[Stored entries]
........

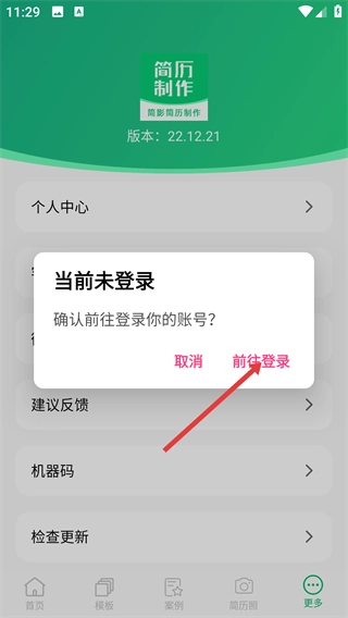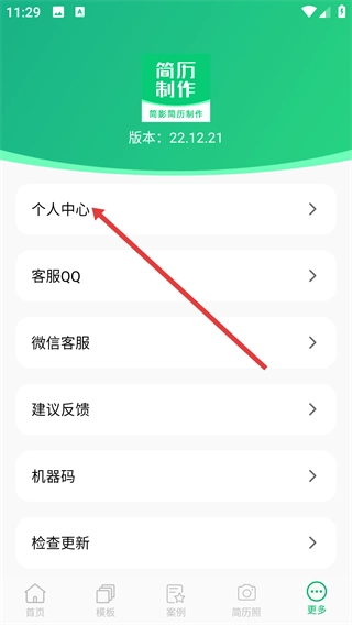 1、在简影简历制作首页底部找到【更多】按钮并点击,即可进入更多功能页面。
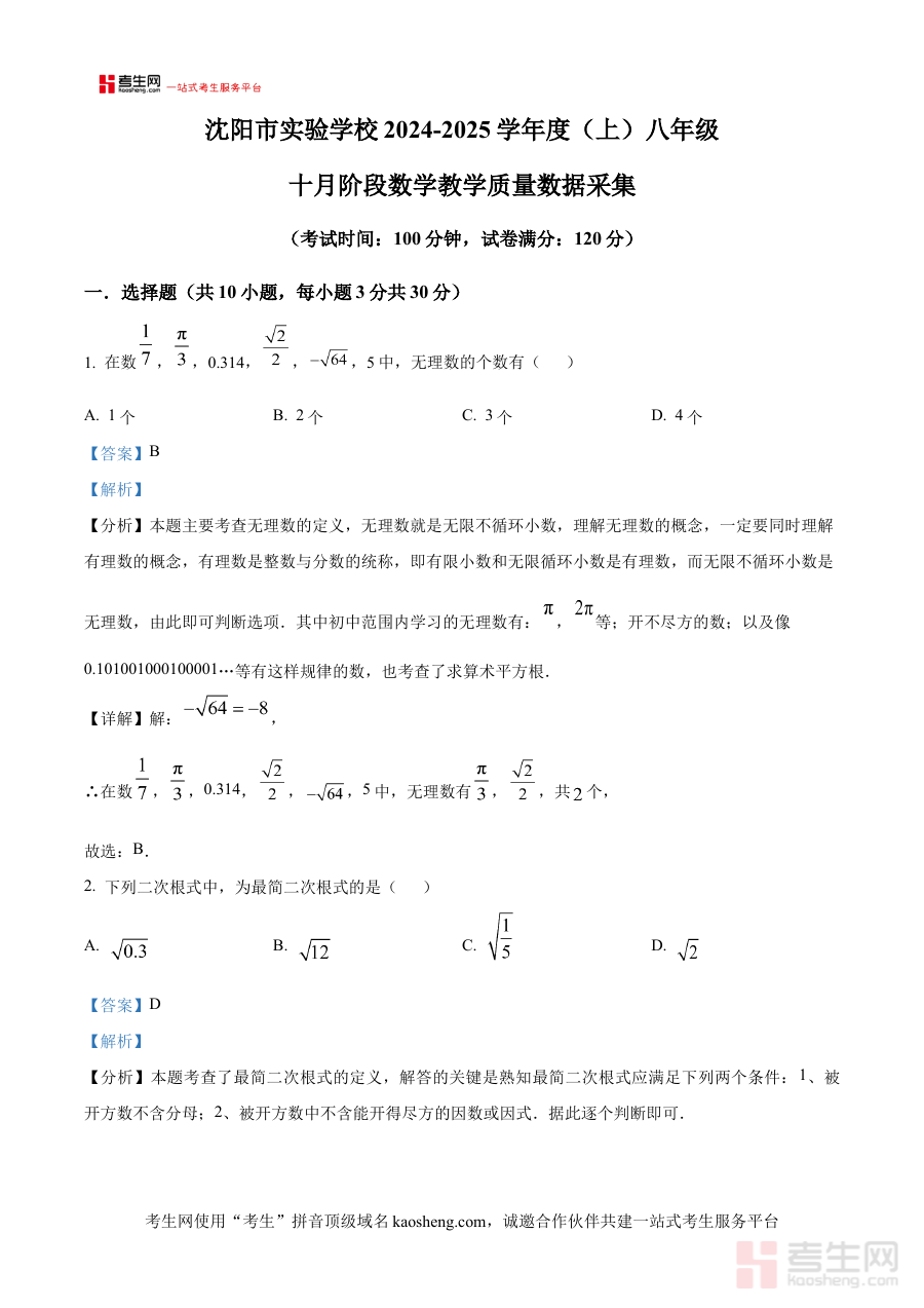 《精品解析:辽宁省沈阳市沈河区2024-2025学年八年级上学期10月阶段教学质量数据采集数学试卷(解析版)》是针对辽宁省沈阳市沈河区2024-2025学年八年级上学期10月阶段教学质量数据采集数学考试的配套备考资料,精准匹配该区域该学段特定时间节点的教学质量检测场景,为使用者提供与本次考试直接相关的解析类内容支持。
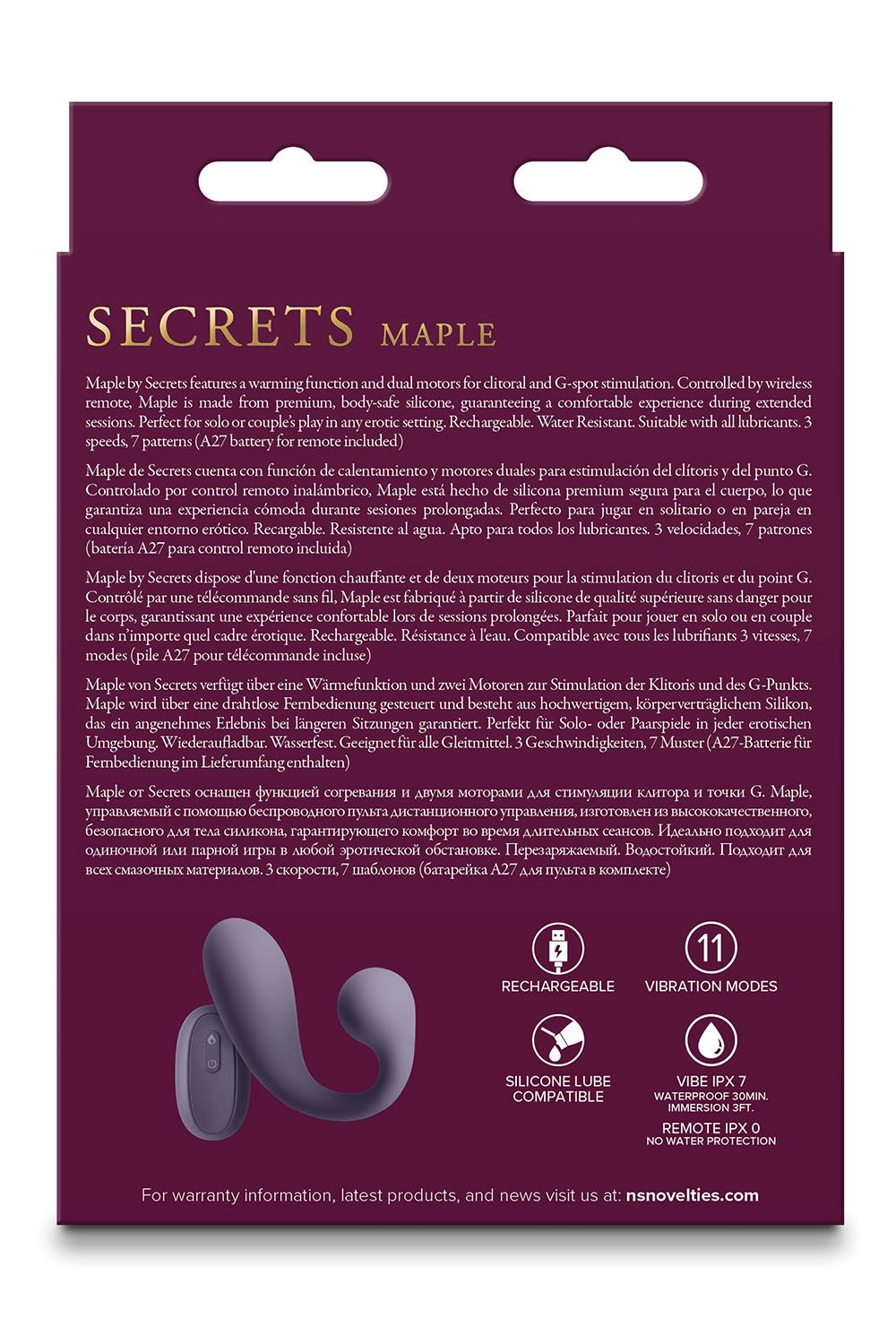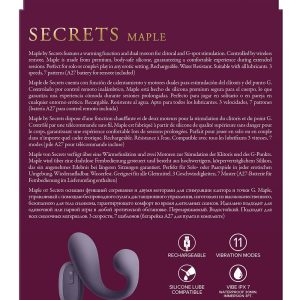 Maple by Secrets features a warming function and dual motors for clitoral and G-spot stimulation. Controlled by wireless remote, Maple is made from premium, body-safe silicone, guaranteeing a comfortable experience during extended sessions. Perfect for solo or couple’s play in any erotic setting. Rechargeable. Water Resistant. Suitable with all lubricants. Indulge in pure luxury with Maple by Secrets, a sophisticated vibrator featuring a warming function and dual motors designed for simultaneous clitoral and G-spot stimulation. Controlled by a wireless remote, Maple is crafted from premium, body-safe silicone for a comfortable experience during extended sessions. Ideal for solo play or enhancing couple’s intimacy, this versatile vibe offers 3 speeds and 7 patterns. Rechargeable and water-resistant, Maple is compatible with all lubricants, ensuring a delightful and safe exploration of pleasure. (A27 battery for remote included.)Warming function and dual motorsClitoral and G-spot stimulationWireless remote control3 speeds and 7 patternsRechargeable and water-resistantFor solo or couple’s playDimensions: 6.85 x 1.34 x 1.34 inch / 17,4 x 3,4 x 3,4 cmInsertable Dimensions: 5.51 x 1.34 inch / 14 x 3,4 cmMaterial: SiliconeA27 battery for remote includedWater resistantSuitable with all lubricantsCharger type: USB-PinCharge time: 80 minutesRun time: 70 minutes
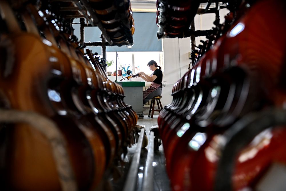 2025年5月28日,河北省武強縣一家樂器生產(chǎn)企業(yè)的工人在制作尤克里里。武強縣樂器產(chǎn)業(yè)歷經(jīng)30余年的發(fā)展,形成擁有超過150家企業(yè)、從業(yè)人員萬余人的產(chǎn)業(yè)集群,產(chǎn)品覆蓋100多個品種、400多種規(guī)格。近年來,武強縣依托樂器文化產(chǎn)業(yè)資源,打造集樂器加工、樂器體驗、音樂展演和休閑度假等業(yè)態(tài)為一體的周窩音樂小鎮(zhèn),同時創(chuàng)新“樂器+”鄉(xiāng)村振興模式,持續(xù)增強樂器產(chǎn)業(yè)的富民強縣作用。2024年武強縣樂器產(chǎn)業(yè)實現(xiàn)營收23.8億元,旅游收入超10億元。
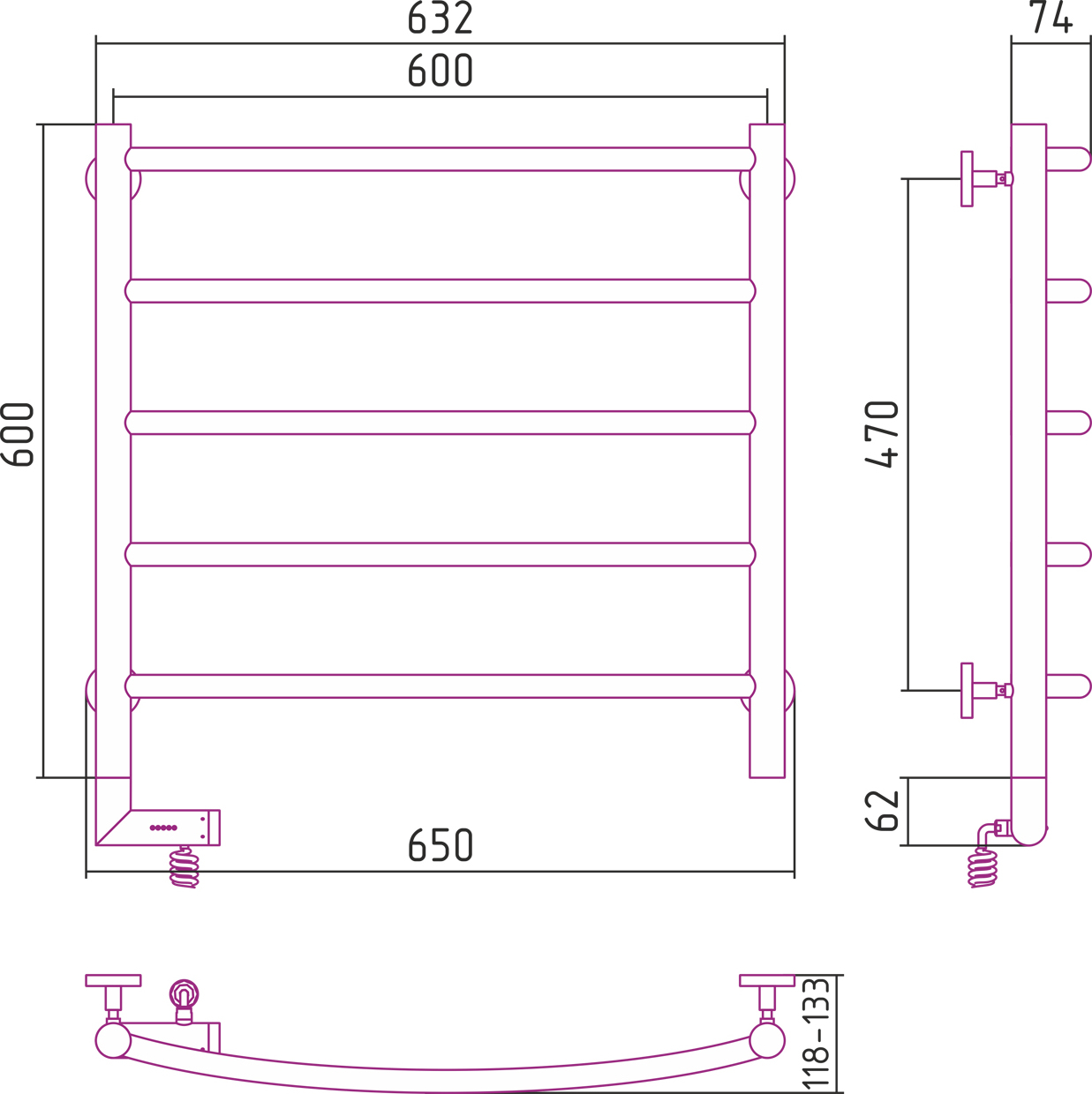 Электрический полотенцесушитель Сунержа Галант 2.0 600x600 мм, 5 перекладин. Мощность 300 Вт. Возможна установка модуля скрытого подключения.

........

Task statement:
Restate, word for word, each line from the one with "2025年5月28日,河北省" to the end of the entries, both included, and keep every picture out.

Written solution:
 2025年5月28日,河北省武強縣一家樂器生產(chǎn)企業(yè)的工人在制作尤克里里。武強縣樂器產(chǎn)業(yè)歷經(jīng)30余年的發(fā)展,形成擁有超過150家企業(yè)、從業(yè)人員萬余人的產(chǎn)業(yè)集群,產(chǎn)品覆蓋100多個品種、400多種規(guī)格。近年來,武強縣依托樂器文化產(chǎn)業(yè)資源,打造集樂器加工、樂器體驗、音樂展演和休閑度假等業(yè)態(tài)為一體的周窩音樂小鎮(zhèn),同時創(chuàng)新“樂器+”鄉(xiāng)村振興模式,持續(xù)增強樂器產(chǎn)業(yè)的富民強縣作用。2024年武強縣樂器產(chǎn)業(yè)實現(xiàn)營收23.8億元,旅游收入超10億元。
 Электрический полотенцесушитель Сунержа Галант 2.0 600x600 мм, 5 перекладин. Мощность 300 Вт. Возможна установка модуля скрытого подключения.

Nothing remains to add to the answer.